We introduced a mechanistic Stress Model of protein sequence evolution. Mutations are modelled as random perturbations of the protein’s potential energy landscape, represented using Elastic Network Models. To model natural selection, we used basic statistical physics to derive the expected probability that a mutant samples a specific functional structure. From this, we deduced a linear relationship between a site’s mean evolutionary rate and the mean local mutational stress (MLmS) of the functional conformation. We compared this model with an empirical Flexibility Model that postulates that a site’s evolutionary rate is linearly dependent on its flexibility (measured by its MSF). We compared both models and found strong support for the Stress Model. Moreover, the independent contribution of flexibility is negligible once stress is controlled for.
The MLmS is proportional to Local Packing Density and, therefore, the Stress Model provides a mechanism for the connection between a site’s LPD and its evolutionary rate. Regarding the sequence-flexibility relationship, previous empirical correlation studies had already found that the sequence-flexibility relationship is nonlinear and either dismissed the nonlinear parts or attempted an interpretation in terms of different selection regimes [14, 32, 13]. We found the nonlinearity follows naturally from the Stress Model: evolutionary rates depend nonlinearly on MSF because they depend (approximately) linearly on MLmS, and MSF ≈ 1/MLmS. To summarize, the Stress Model accounts for the observed site-dependency of evolutionary rates and its relationship with packing density and flexibility.

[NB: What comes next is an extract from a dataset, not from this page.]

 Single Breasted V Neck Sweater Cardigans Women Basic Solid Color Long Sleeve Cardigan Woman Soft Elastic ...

A note of caution is in order here. For the Stress Model mutational stress was not postulated to be the determinant factor a priori but, rather, it was derived from the assumptions of the model that are essentially two (1) there is a single active conformation and (2) mutants are flexible and therefore can sample the active conformation so that they are at least partly functional. Therefore even though Stress Model was chosen to designate this mechanistic model, it should be kept in mind that it demonstrates the importance of protein flexibility.

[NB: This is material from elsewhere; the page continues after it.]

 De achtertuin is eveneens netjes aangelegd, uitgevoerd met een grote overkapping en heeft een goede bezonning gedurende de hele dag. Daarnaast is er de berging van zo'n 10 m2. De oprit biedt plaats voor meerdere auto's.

It is worthwhile to mention some of the possible caveats and further developments of the Stress Model. First, we assume a single active conformation. In principle, it would be reasonable to assume that only changes of the active-site conformation should affect fitness. However, we note that if protein sites are strongly coupled, which is often the case, any conformational change will affect the active site conformation. For a strongly coupled elastic network forcing the active site to adopt a given conformation makes the rest of the protein move accordingly. Therefore, assuming that the whole protein conformation must be in the “active conformation” for the protein to function is not necessarily an important limitation. However, for cases where the coupling is not very strong, if the active site is known, this could be easily tackled using a modified version of the selection function that integrates away all coordinates except for those of the active site (i.e. uses marginal conformational distributions rather than the full ones in the definition of selection function).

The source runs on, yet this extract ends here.